(Collection entries)
--------
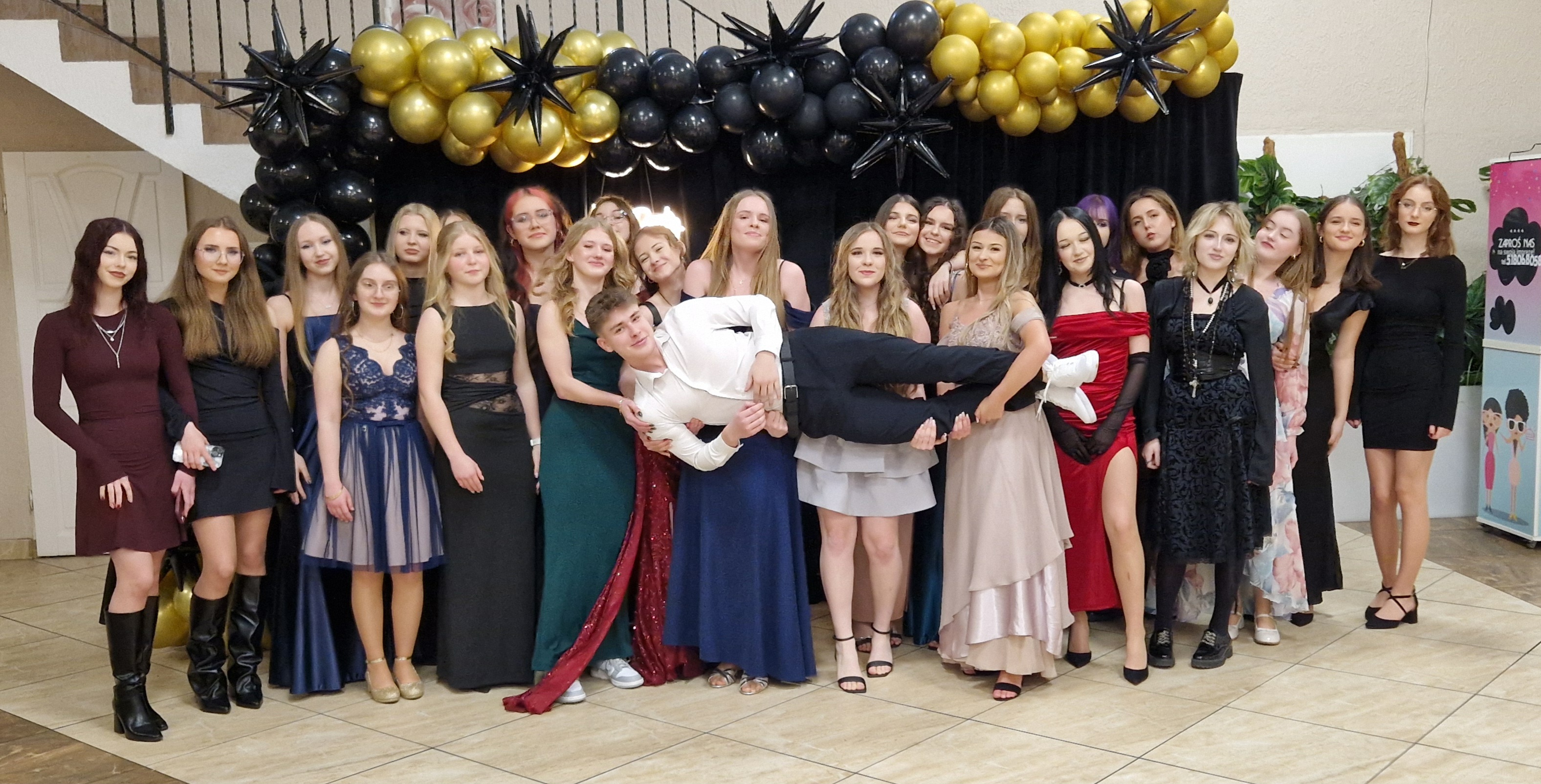 Uroczystość odbyła się w eleganckiej oprawie na sali weselnej Wiktoria, w atmosferze radości, wzruszeń i wspólnej zabawy. Parkiet przez cały wieczór był pełen tańczącej młodzieży, a uśmiechy nie znikały z twarzy uczestników do końca spotkania. Rodzice z dumą obserwowali swoich podopiecznych, którzy pokazali dojrzałość, odpowiedzialność i wzajemny szacunek.
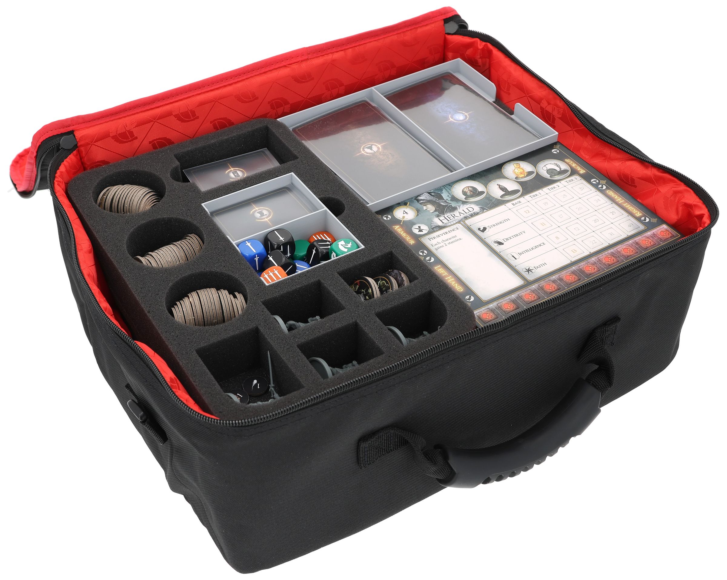 So you're always ready and prepared for your next adventure in Dark Souls: The Sunless City, this Feldherr Medium Plus case offers a thoughtful and convenient storage solution. With custom-fit foam inserts and 3D-printed card holders, it keeps your miniatures and all your game material organized and protected.
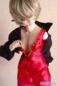 黒シャツと赤いミニドレスがエレガントな雰囲気のセクシーな衣装!
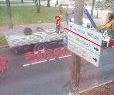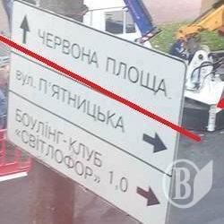 Знову навертіли справ і наламали дров «реконструктори» чернігівські… Ось такий дорожний знак встановлено на вул. Гетьмана Полуботка, котра виходить на Красну площу повз сквер Хмельницького.
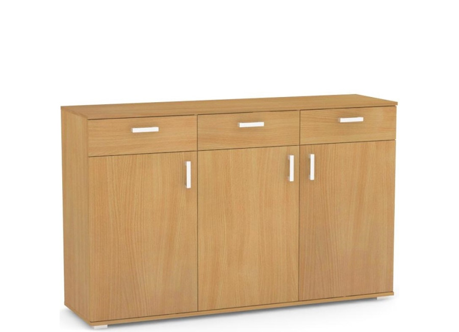 Komoda REA SISA 8 sa skladá z troch dvierok a troch zásuviek a poskytuje tak množstvo úložného priestoru. Komoda do domácnosti je vyrobená z kvalitnej laminovanej drevotrieskovej dosky.
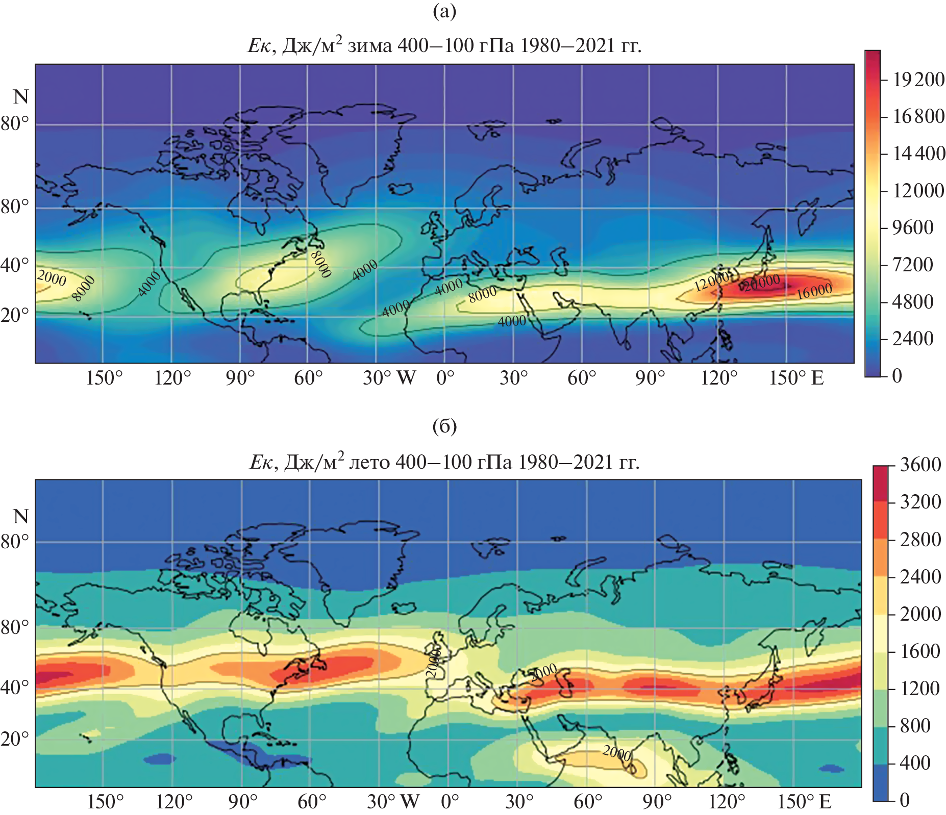 Based on the reanalysis data quantitative estimates of the kinetic energy of the high-altitude jet streams of the Northern Hemisphere (EK JS NH) and its changes in the annual cycle and interannual variability for the period 1980–2021 were obtained under different conditions for the minimum wind speed Vm in the JS area. Adequate estimates are made for the share of the total kinetic energy of the atmosphere of the Northern Hemisphere associated with JS (PEк JS). The share of the volume of atmospheric layers in the JS area in the NH in the total analyzed atmospheric layer of 500–100 hPa (PV JS) was also estimated. Significant changes were noted in summer including significant weakening trends of EК, PEк and PV in July and August at Vm ≥ 20 and Vm ≥ 30 m/s. In winter significant changes were noted only for PV – a decreasing trend at Vm ≥ 20 and Vm ≥ 30 m/s. Seasonal features of JS connection with El Niño phenomena are noted which are most significantly manifested from January to April.
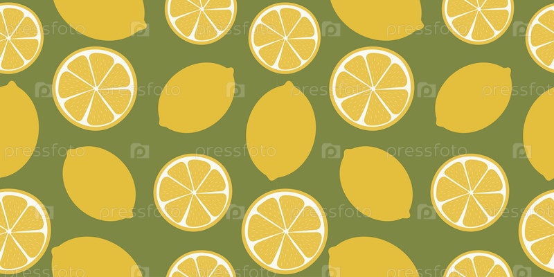 Бесшовный узор из свежих цитрусовых, половинок нарезанных лимонов и целых лимонов
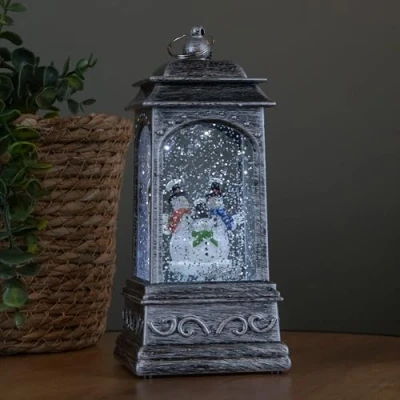 AmazonCharming Trio of Snowmen: Features three delightful snowmen in a joyful winter scene, perfect for adding warmth and personality to your festive decor. Silver-Effect Finish: The elegant silver-effect lantern frame offers a timeless look that complements both traditional and modern Christmas themes. Mesmerising Swirling Glitter: Built-in water spinner keeps silver glitter in constant motion, creating a beautiful snow like effect that brings the scene to life. Cool Ice White LED Lighting: Crisp ice white LED casts a soft, wintry glow that enhances the festive display and adds ambiance to any room. Dual Power Options: Operates with 3 x AA batteries or a transformer (both not included), giving you flexible placement without the need for trailing wires.
--------
TASK ITEM:
Begin the copy at the line containing "Бесшовный узор из" and end it at the last line of the records; transcribe exactly and exclude pictures.

ANSWER TO THIS PROBLEM:
 Бесшовный узор из свежих цитрусовых, половинок нарезанных лимонов и целых лимонов
 AmazonCharming Trio of Snowmen: Features three delightful snowmen in a joyful winter scene, perfect for adding warmth and personality to your festive decor. Silver-Effect Finish: The elegant silver-effect lantern frame offers a timeless look that complements both traditional and modern Christmas themes. Mesmerising Swirling Glitter: Built-in water spinner keeps silver glitter in constant motion, creating a beautiful snow like effect that brings the scene to life. Cool Ice White LED Lighting: Crisp ice white LED casts a soft, wintry glow that enhances the festive display and adds ambiance to any room. Dual Power Options: Operates with 3 x AA batteries or a transformer (both not included), giving you flexible placement without the need for trailing wires.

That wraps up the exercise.